Policy & enforcement

Prompt passes all rules. Forwarded to the LLM unchanged. Logged at a low retention tier so the audit trail exists without flooding storage.

Observability

A control product that nobody trusts is worse than no control product. The team treated observability as a first-class deliverable, not an afterthought.

Logging
Structured JSON

Correlation IDs end-to-end

Metrics
Per-rule fire rates

Catch rule drift

Dashboards
Cloud Run + custom

Latency / errors / volume

Alerting
Threshold-based

On fire-rate spikes

Security model

  • Tenant-scoped API tokens, rotated through the dashboard. No long-lived shared secrets in the extension package.
  • Prompt payloads in transit are TLS-only; at rest, only blocked-event payloads are persisted, and only behind operator-controlled retention.
  • Extension permissions are scoped to the LLM domains the tenant configures rather than blanket access to all browsing.
  • The detection layer is treated as untrusted-content territory: the LLM-assisted classifier runs on a non-overridable system prompt, and its verdicts are scored, not executed as policy.

Hackathon outcome

Built as a small team during the WMG / Google / NatWest Secure Intelligence Frontier hackathon. The combination of an opinionated end-to-end product slice (extension + backend + dashboard, all working), a clear regulatory framing and a hybrid detection layer that performed reliably during live demos was enough to advance the team to the grand final at Google London.

The lesson worth carrying into other AI-security work: the biggest differentiator was not detection complexity. It was UX and observability.

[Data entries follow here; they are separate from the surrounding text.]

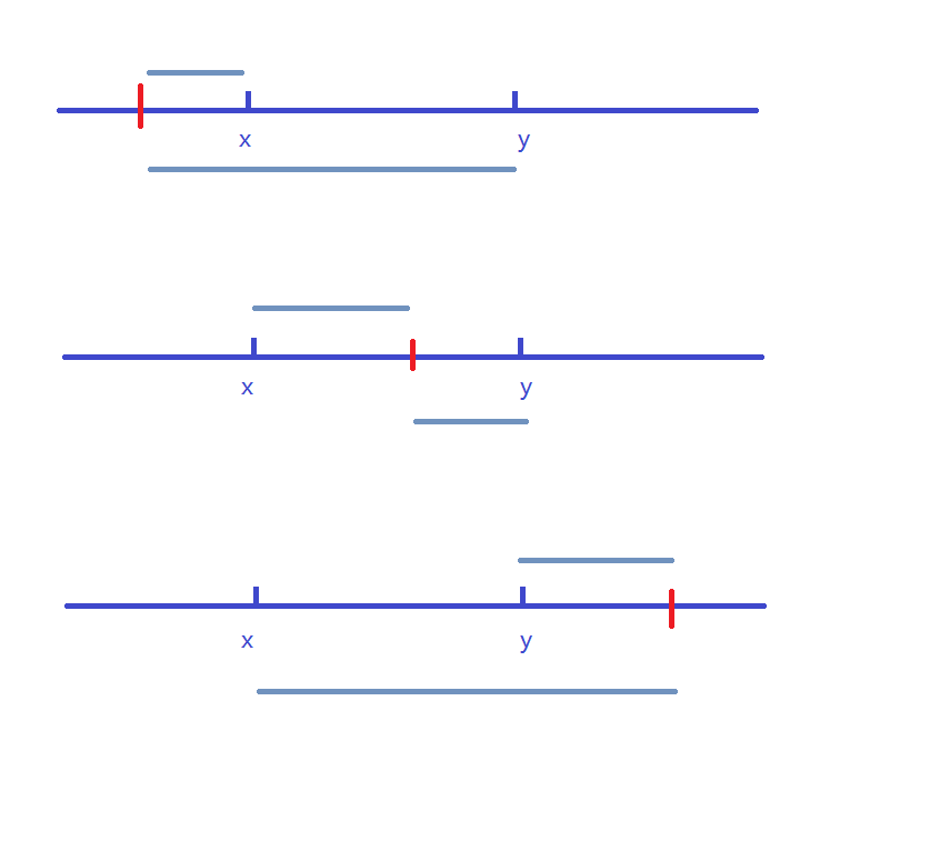 蓝灰色的部分是该点到一组点的距离和,可以看出当取点在最中间的时候,该点到一组点的距离和最小,设共有n个点,那么我们取点就取在第1个点和第n个点中间,第2个点和第n-1个点中间…最小的区间距离就是最中间的一组点,所以如果想要取点取在任意一组点的中间,只要把点控制在最中间一组点内就行(这就是为啥说偶数个点的时候取中点是其中一个解),然后因为点的个数不一定是偶数,也可能是奇数,当为奇数个点的时候分组会剩单独一个点,那么取的点到剩余这个点的最短距离为0,就是取在剩余这个点上,所以我们干脆直接取中点上就行。
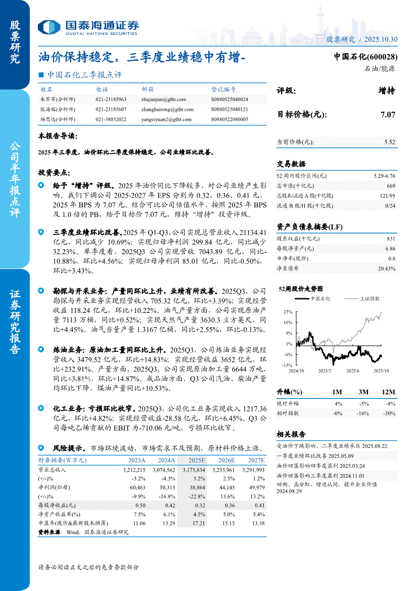 中国石化:国泰海通证券-中国石化-600028-三季报点评:油价保持稳定,三季度业绩稳中有增-251030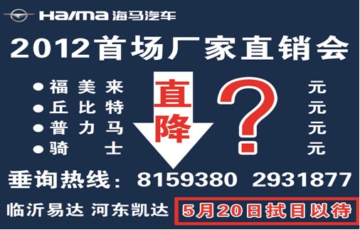 编辑从海马汽车昆明博尧4S店获悉,“新福美来百城幸福欢go汇”已在全国范围内陆续开展,临沂站活动将于本5月20日上演,想拿厂家直销购车政策和丰富大礼需要先拨打0539-8159380报名电话与4S店确认信息。相信临沂站将成为海马汽车厂方、海马汽车客户和4S店共同的节日。
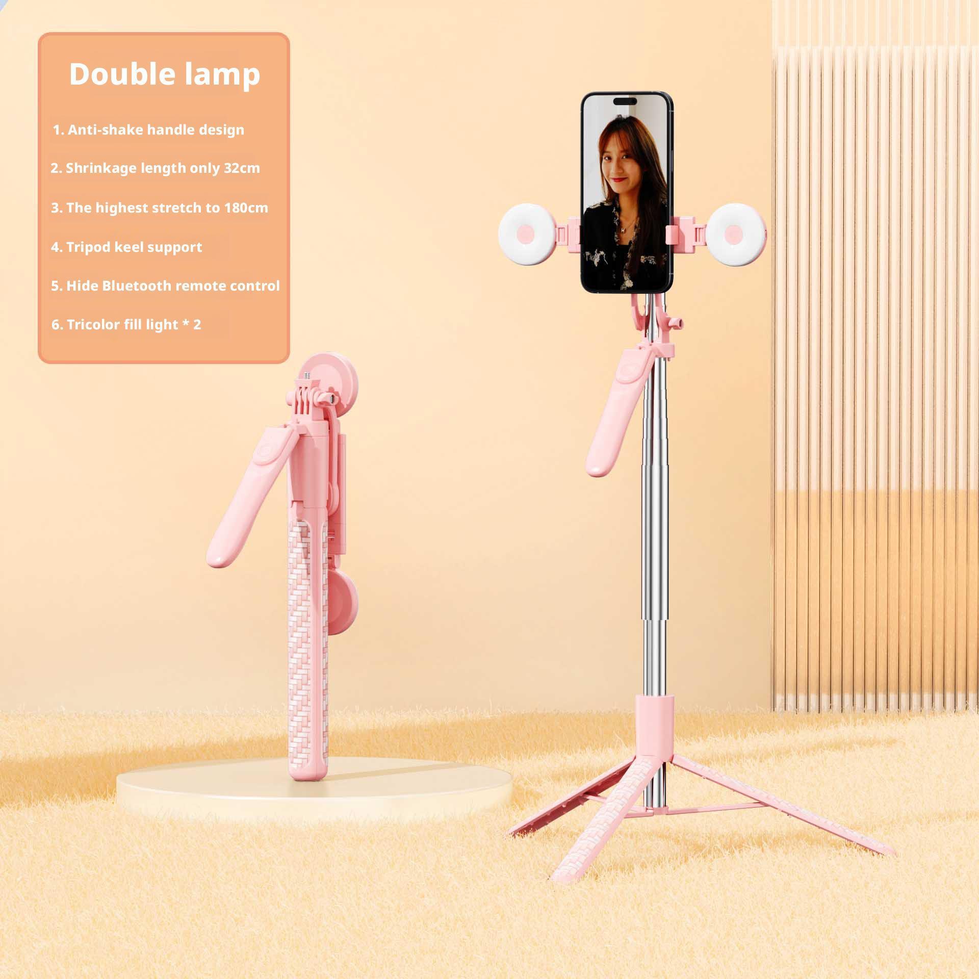 • Z18-더블 라이트 핑크 [ 1.8m + 안정화 핸들 + 배터리 리모콘 + 대형 원형 조명 2개]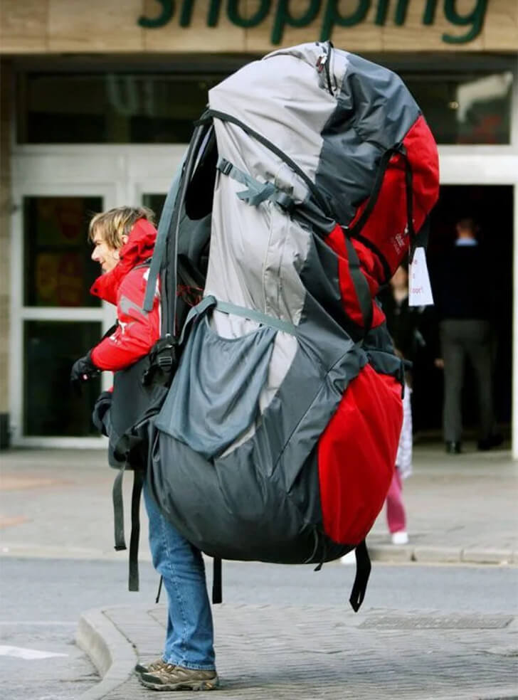 Das Wort “Backpacker” lässt üblicherweise ein Bild von Reisenden mit einem überschaubaren Gepäck auf dem Rücken entstehen. Doch das Bild, das uns hier präsentiert wird, entspricht keineswegs dieser Annahme. Der Mann im Bild ist zwar mit einem Rucksack ausgestattet, doch dessen Ausmaße überschreiten bei Weitem das, was gewöhnlich getragen werden kann. Es wirkt fast so, als hätte er seinen gesamten Hausstand mit auf die Reise genommen.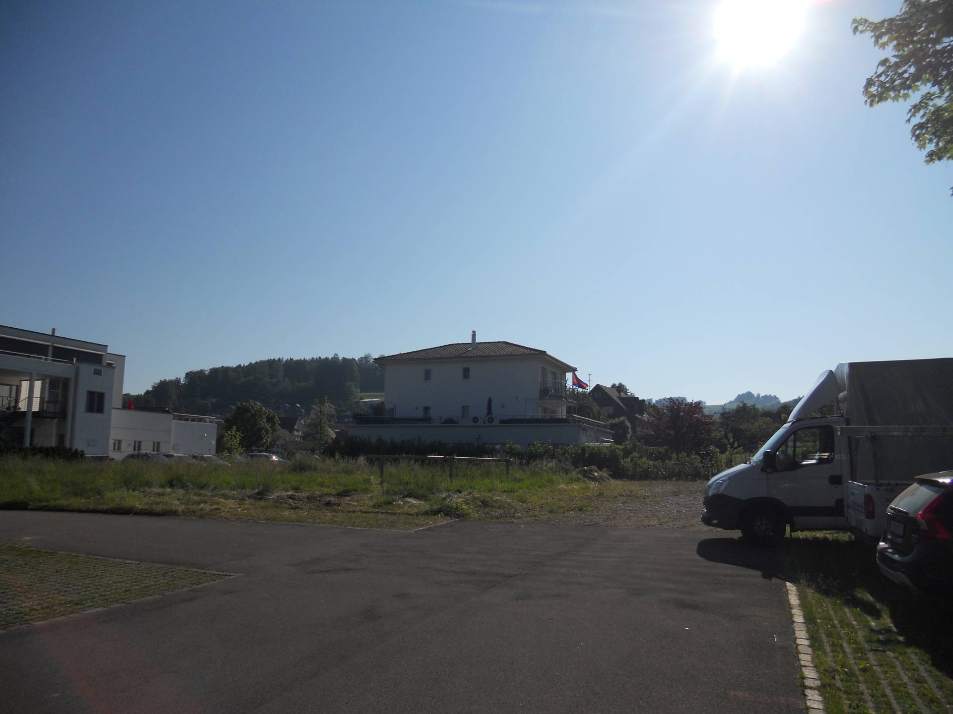 Auf einer grünen Wiese, die Parzelle war umgeben von der SBB (Bahnhof Kreuzlingen), der Kantonsstrasse, einer Fussgängerunterführung einem Neubau Hochhaus und der Venenklinik.

A DLP tool that operators trust is one whose decisions they can read, explain and override.

Future work

  • Native enterprise-browser integration (Edge for Business, Chrome Enterprise policy) to remove per-user extension install friction.
  • Streaming evaluation to score and redact prompts token by token while the user types, instead of only at submit time.
  • Reverse-direction DLP: scan model responses for inadvertent internal context leakage when used inside corporate copilots.
  • SIEM integration (Splunk / Chronicle / Sentinel) so PromptGuard events land in the same incident pipeline as the rest of corporate security.